[Excerpts from a dataset]
● ● ● ● ● ● ●

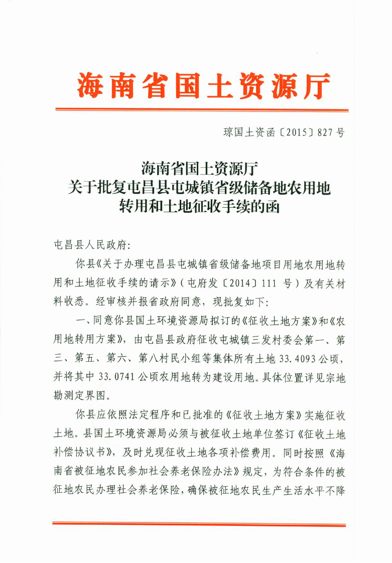 关于批复屯昌县屯城镇省级储备地农用地转用和土地征收手续的函
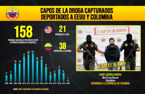 De la même manière, 38 barons de la drogue ont été extradés en Colombie, 38 avions de la police nationale colombienne sont venus ici, au Venezuela, à Maiquetía, chercher ces délinquants internationaux.
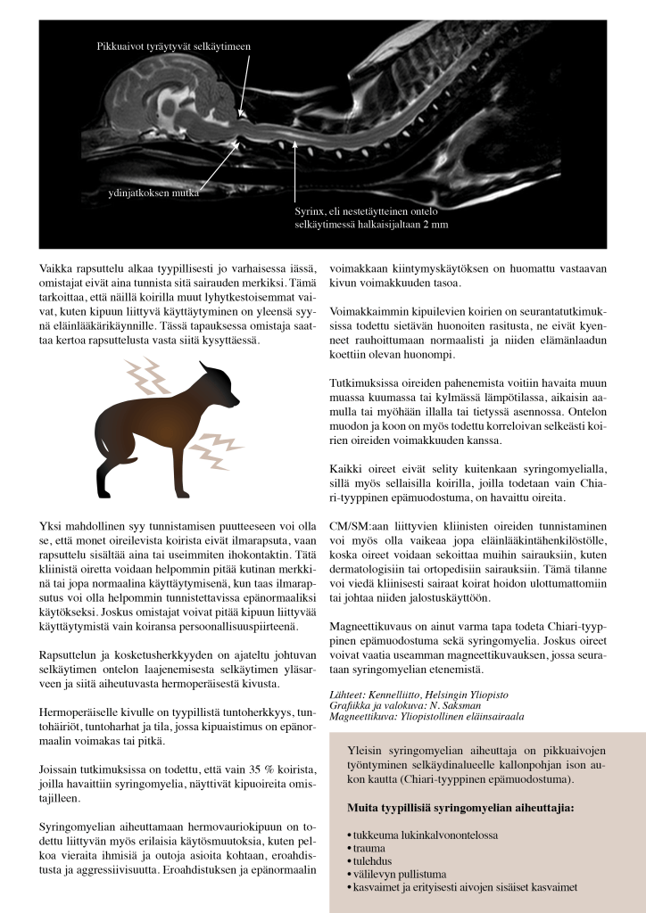 Oman kennelimme koiria (kasvattejamme, sijoituskoiria, tuonteja) on nyt magneettikuvattu 12 ja jokaisella on löytynyt joko Chiari-tyyppinen epämuodostuma tai myös syringomyelia. Koiriemme magneettikuvaamattomia lähisukulaisia on jalostuksessa ympäri Suomea ja monissa tapauksissa myös ulkomailla. Vaikka olemme olleet asiasta avoimia ja rohkaisseet kasvattajia kuvauttamaan jalostuskoiriaan, ei näin ole kuitenkaan tapahtunut. Rodussa tehdään pentuja jopa syringomyeliaa sairastavan koiran tutkimattomilla jälkeläisillä. Eläinlääkäri Kiviranta kertoi webinaarissa, että syringomyeliaa sairastavan koiran jälkeläisillä on kolme kertaa isompi mahdollisuus sairastua kuin sellaisen koiran, jonka vanhemmalla ei ole syringomyeliaa.
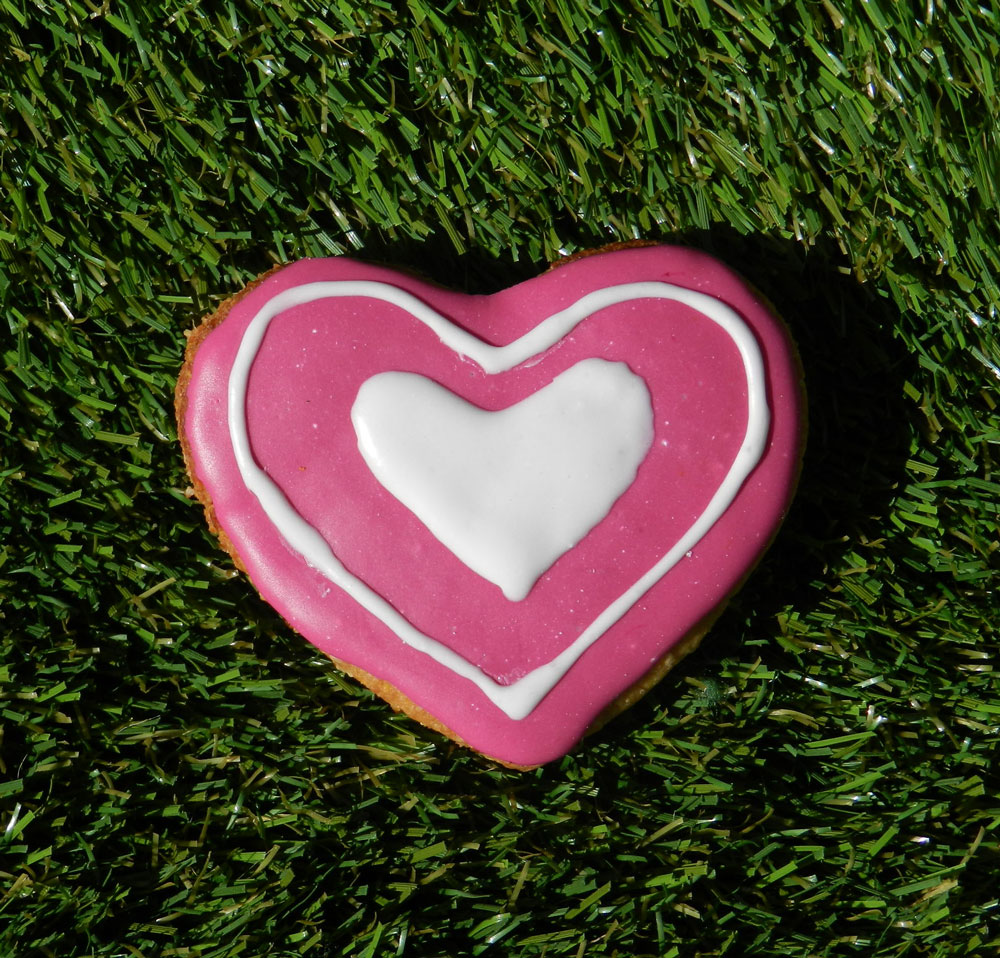 3″ X 3″ Large Heart Peanut Butter and Oat Cookie decorated with Tapioca flour icing. Approximately 2 ounces net weight
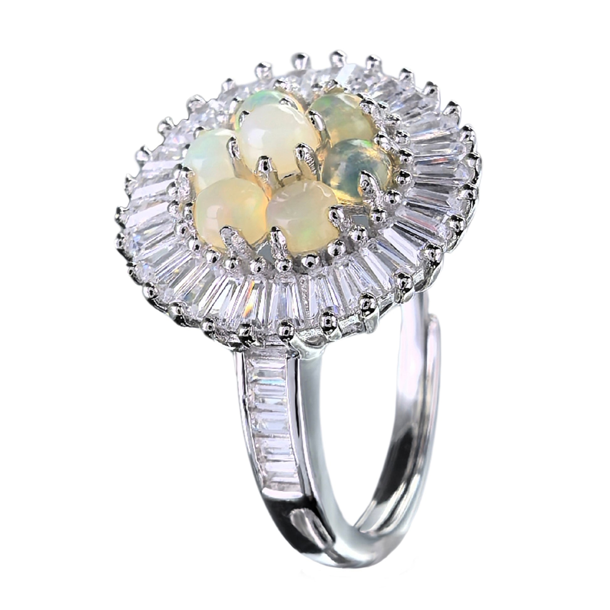 Graceful Rhodium Plated Silver 925 Jewelry Natural Opal Ring
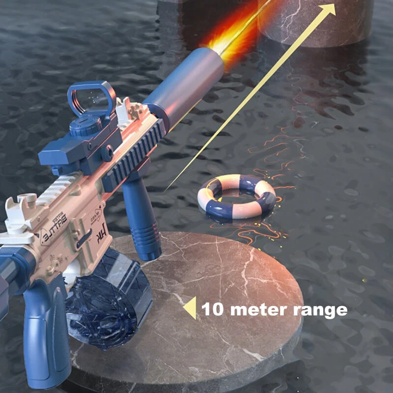 Red Dot Targeting for Precision Play: Equipped with an authentic tactical-style red dot sight, this water blaster enhances aiming accuracy for strategic long-range battles, boasting an impressive 32-foot maximum shooting distance.
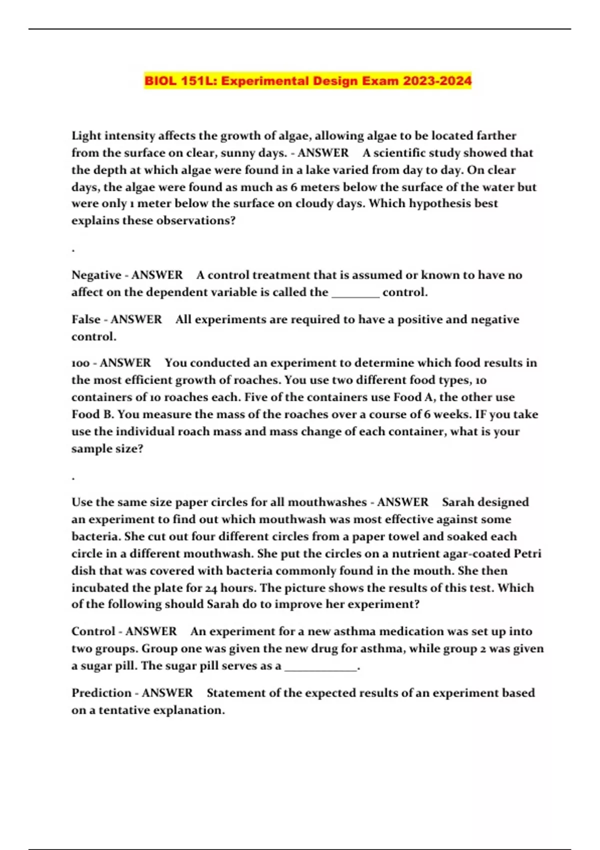 BIOL 151L: Experimental Design Exam ...
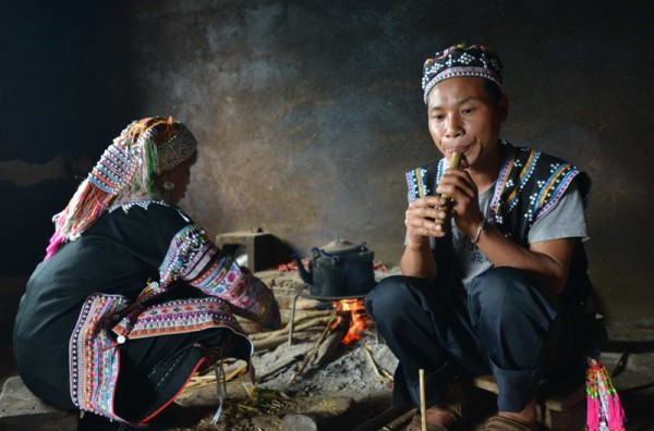 “咧肚”“咧别”是拉祜族古老的民间传统乐器,双江县小户赛、南迫等地的拉祜族会制作吹奏。一般是拉祜族男子外出劳作、打错或放牧时,闲暇之余现场取材制作而成。吹奏以排遣内心的孤独与寂寞。吹奏时轻悠孤咽、淡淡萦绕,更增加了吹奏者宛如顾影凄自怜的情感。( 江宏峰)
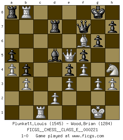 Last move : 1-0 2019 August 9 6:38:51 [Event "FICGS__CHESS__CLASS_E__000221"] [Site "FICGS"] [Date "2019.04.06"] [Round "1"] [White "Plunkett,Louis"] [Black "Wood,Brian"] [Result "1-0"] [WhiteElo "1545"] [BlackElo "1284"] 1.c4 e5 2.g3 Nf6 3.Bg2 Bc5 4.a3 a5 5.Nf3 d6 6.O-O O-O 7.Nc3 Nc6 8.e3 Bg4 9.Qc2 Re8 10.h3 Be6 11.b3 Ba7 12.Nh4 g6 13.Bb2 d5 14.cxd5 Nxd5 15.Ne4 f5 16.Nc5 Bxc5 17.Qxc5 Qd6 18.Qc2 Nf6 19.f4 e4 20.Bxf6 Bf7 21.Qb2 Bd5 22.Bh8 Qe7 23.Bc3 b5 24.Rfc1 Nd8 25.Bf6 Qf7 26.Rab1 Ne6 27.Bf1 b4 28.a4 c5 29.Bb5 Rec8 30.Qe5 Nc7 31.Rxc5 Nxb5 32.Rxb5 Rd8 33.Rc1 Rd7 34.Rb8+ 1-0 English Opening Kingside Castling by player White (move 6) Kingside Castling by player Black (move 6) Player White won this chess game. Follow this game move after move (download)The beauty of a move lies not in its' appearance but in the thought behind it. (Siegbert Tarrasch) Rauchen ist dem Schachspieler bei seiner Arbeit, also im Wettkampf, untersagt. (Viktor Kortschnoi) Yo no le temo a Spassky. Todos saben que yo soy el mejor. Uno no necesita un torneo para probarlo. (Bobby Fischer) La tactique est l'élément le plus important du milieu de jeu. (Siegbert Tarrasch) Locking firmely the window serves nothing, only small thiefs pass through there, the big thiefs enter through the front door. (Luc-Olivier Leclerc)
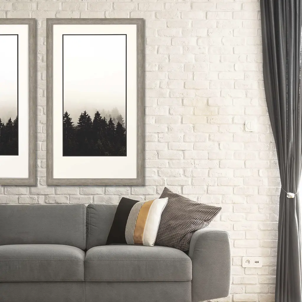 Shadowy peaks and tree-tops rise from the fog. Featuring offset white matting and a distressed silver finish moulding.
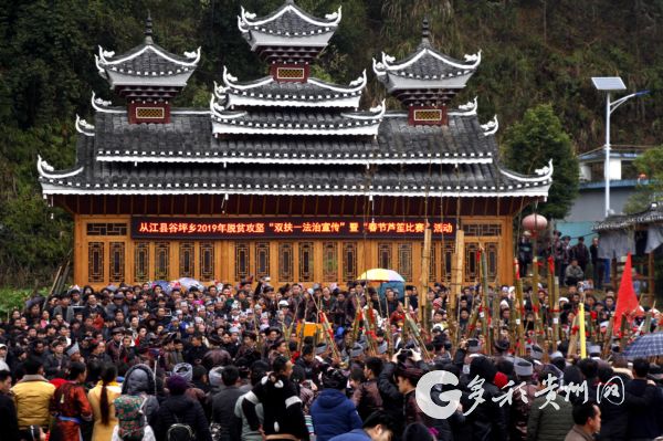 當(dāng)日中午,從江縣谷坪鄉(xiāng)周邊的往洞、斗里、雍里等鄉(xiāng)鎮(zhèn)和谷坪鄉(xiāng)本鄉(xiāng)各村的侗族、苗族等民族的30余支蘆笙隊(duì)上千人歡聚一堂,在谷坪鄉(xiāng)中心小學(xué)少年宮舞臺前的操場里進(jìn)行蘆笙吹奏表演、蘆笙比響等傳統(tǒng)民族民俗活動(dòng),慶祝新年到來。30多支蘆笙隊(duì)比賽誰吹得響,熱熱鬧鬧慶賀新春。蘆笙比響是當(dāng)?shù)貍鹘y(tǒng)文化活動(dòng),兩支蘆笙隊(duì)一對一比賽,裁判在1公里外的高處聽聲音,并以旗幟傳遞輸贏信息。
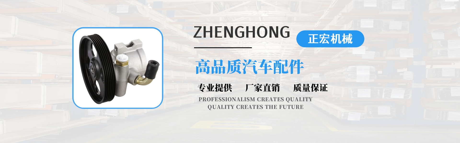正宏機械有限公司成立于2004年,是一家新興的技術(shù)型企業(yè),專業(yè)生產(chǎn)動力轉(zhuǎn)向泵。我們是一家集設(shè)計、生產(chǎn)、貿(mào)易于一體的專業(yè)公司,同時享有進出口權(quán)?! 」咀猿闪⒁詠?,堅持以技術(shù)為導向,以高起點為原點;把產(chǎn)品創(chuàng)新和質(zhì)量管理放在首位。擁有國內(nèi)先進的汽車動力轉(zhuǎn)向泵專業(yè)生產(chǎn)設(shè)備和檢測設(shè)備。憑借經(jīng)驗豐富的技術(shù)團隊,我們已經(jīng)設(shè)計了20多個系列,近數(shù)百個動力轉(zhuǎn)向泵。年產(chǎn)10萬臺。產(chǎn)品深受廣大客戶的信賴和好評,得到了廣大客戶的認可。

● ● ● ● ● ● ●

**YOUR OBJECTIVE:**
Write out, word for word, the stretch of entries that begins at the line with "De la même manière, 38" and ends at the line with "Graceful Rhodium Plated". Pictures do not belong in it.

**FINAL ANSWER:**
 De la même manière, 38 barons de la drogue ont été extradés en Colombie, 38 avions de la police nationale colombienne sont venus ici, au Venezuela, à Maiquetía, chercher ces délinquants internationaux.
 Oman kennelimme koiria (kasvattejamme, sijoituskoiria, tuonteja) on nyt magneettikuvattu 12 ja jokaisella on löytynyt joko Chiari-tyyppinen epämuodostuma tai myös syringomyelia. Koiriemme magneettikuvaamattomia lähisukulaisia on jalostuksessa ympäri Suomea ja monissa tapauksissa myös ulkomailla. Vaikka olemme olleet asiasta avoimia ja rohkaisseet kasvattajia kuvauttamaan jalostuskoiriaan, ei näin ole kuitenkaan tapahtunut. Rodussa tehdään pentuja jopa syringomyeliaa sairastavan koiran tutkimattomilla jälkeläisillä. Eläinlääkäri Kiviranta kertoi webinaarissa, että syringomyeliaa sairastavan koiran jälkeläisillä on kolme kertaa isompi mahdollisuus sairastua kuin sellaisen koiran, jonka vanhemmalla ei ole syringomyeliaa.
 3″ X 3″ Large Heart Peanut Butter and Oat Cookie decorated with Tapioca flour icing. Approximately 2 ounces net weight
 Graceful Rhodium Plated Silver 925 Jewelry Natural Opal Ring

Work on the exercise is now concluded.